12. Context and Related Studies

  • Building on Previous Evidence: The IDEAL-ICU trial (2018) was designed to help resolve the conflicting findings of the earlier AKIKI (2016) and ELAIN (2016) trials.
  • Influence on Subsequent Research: The findings of this trial were consistent with the larger AKIKI trial and were further confirmed by the very large STARRT-AKI trial (2020). Together, these trials have solidified the evidence base for a delayed RRT initiation strategy in the majority of critically ill patients.

13. Unresolved Questions & Future Directions

  • Unresolved Questions: The optimal timing of RRT in specific subgroups of patients (e.g., those with less severe AKI or different underlying causes) remains an area of investigation.
  • Future Directions: Future research is focused on identifying biomarkers that could help predict which patients will recover kidney function and which will progress to needing RRT, allowing for a more personalized approach to timing.

14. External Links

15. Framework for Critical Appraisal

  • Clinical Question: The research question was highly relevant, addressing a very common and important clinical dilemma in the ICU for which there was conflicting evidence.
  • Methods: The multicenter RCT design was appropriate and robust. The main methodological weakness is the open-label design. The early termination for futility is a key point for interpretation.
  • Results: The study reported a clear neutral finding for its primary outcome. A key secondary finding was that a delayed strategy allowed a large proportion of patients to avoid RRT altogether without an increase in harm.
  • Conclusions and Applicability: The authors’ conclusion is a direct and fair reflection of the data. The high external validity of this pragmatic trial means its findings are broadly applicable to the care of ICU patients with septic shock and severe AKI. The trial provides strong support for a “watchful waiting” approach in patients without urgent indications for dialysis.

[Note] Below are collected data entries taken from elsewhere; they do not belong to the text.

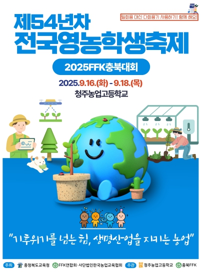 [무한뉴스=정민정 기자] 충청북도교육청은 오는 16일부터 18일까지 2박 3일간 청주농업고등학교에서 '제54년차 전국영농학생축제(2025 FFK 충북대회)'를 개최한다고 밝혔다.
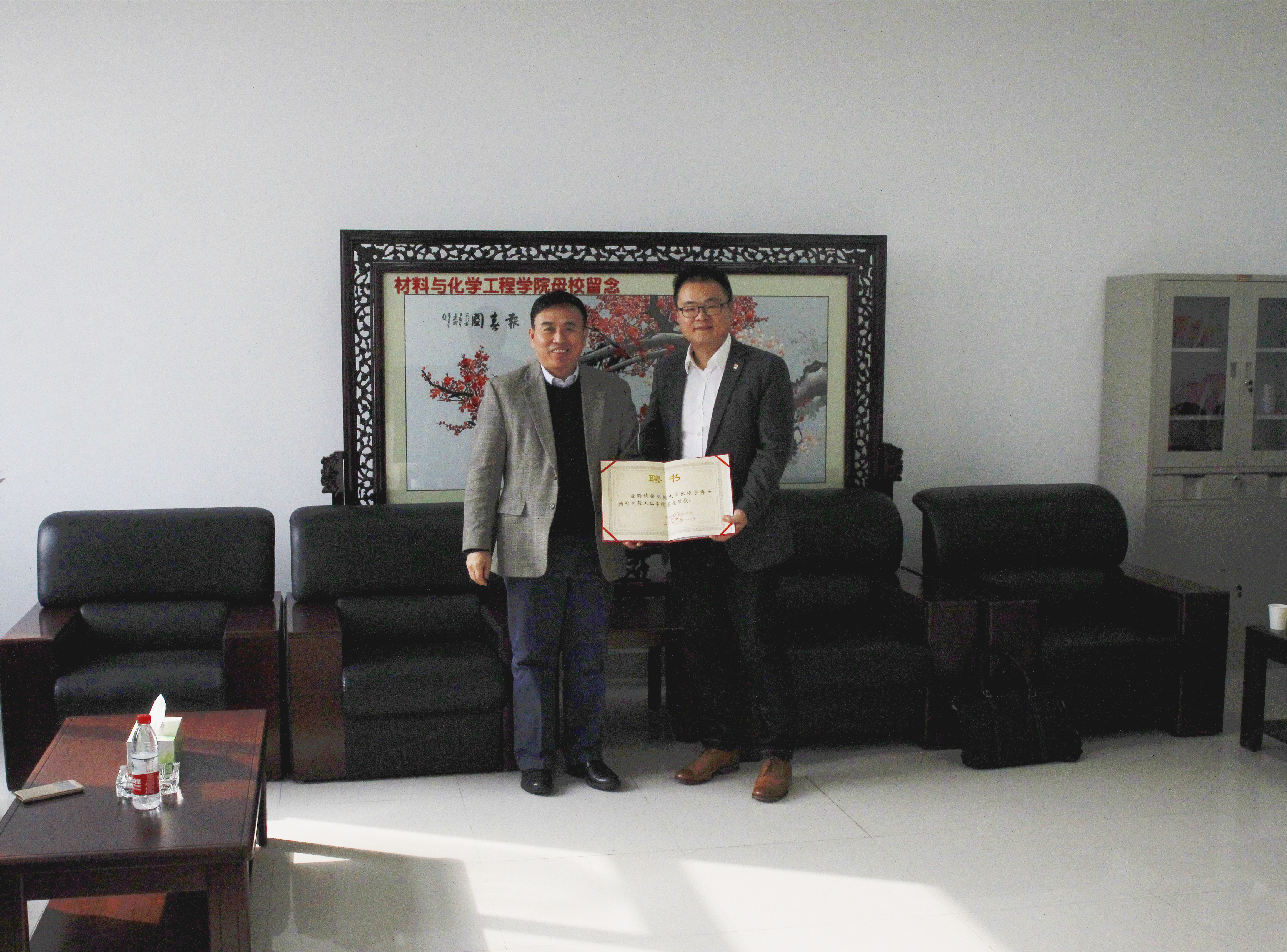 方少明副校长为张振宇博士颁发聘书,对张振宇博士受聘我校客座教授表示感谢,向张振宇博士介绍了我校和材料与化学工程学院的基本情况,并希望双方进一步加强学术交流与合作,为我校材料与化学工程学院的学科建设、团队建设和科学研究带来新的动力。
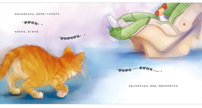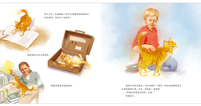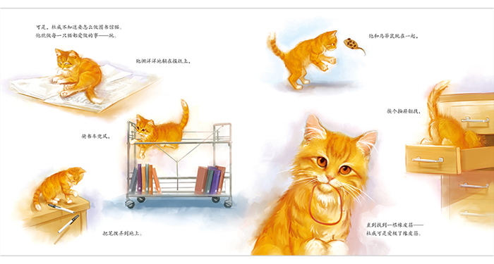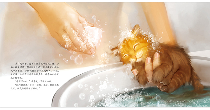 全书画面细腻优美,小猫杜威金色的毛发,水彩绘制营造出来的柔和环境,为这个温暖的故事更添一层柔和的光晕。
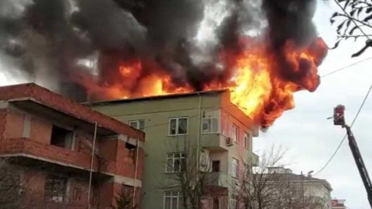 İstanbul'da 4 katlı bir binanın çatısı alevlere teslim oldu.
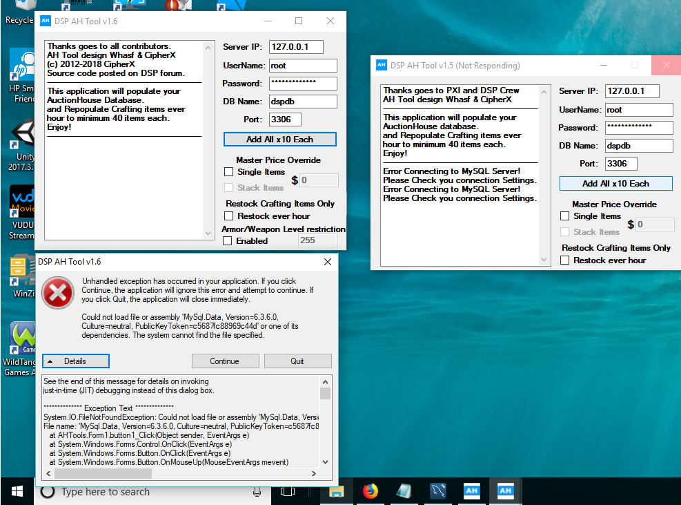 Most of my efforts were using v1.5, but it would lock up for a long time and throw an error telling me it cant connect. So i tried 1.6 and it locks up forever, the app never unlocks, and nothing is put into the AH.
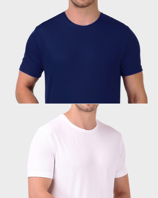 Men's Gym and Sports Plain White and Navy Blue Color T-Shirts Combo - Pack of 2 T-Shirts

16. Disclaimer and Contact

  • This summary is provided by the Academic Committee of ESBICM (ACE) to facilitate the understanding of this study; readers are advised to refer to the original trial document for a deeper understanding. If you find any information incorrect, or missing, or it needs an update or have a request for a specific critical care trial summary, kindly write to us at academics[at]esbicm.org.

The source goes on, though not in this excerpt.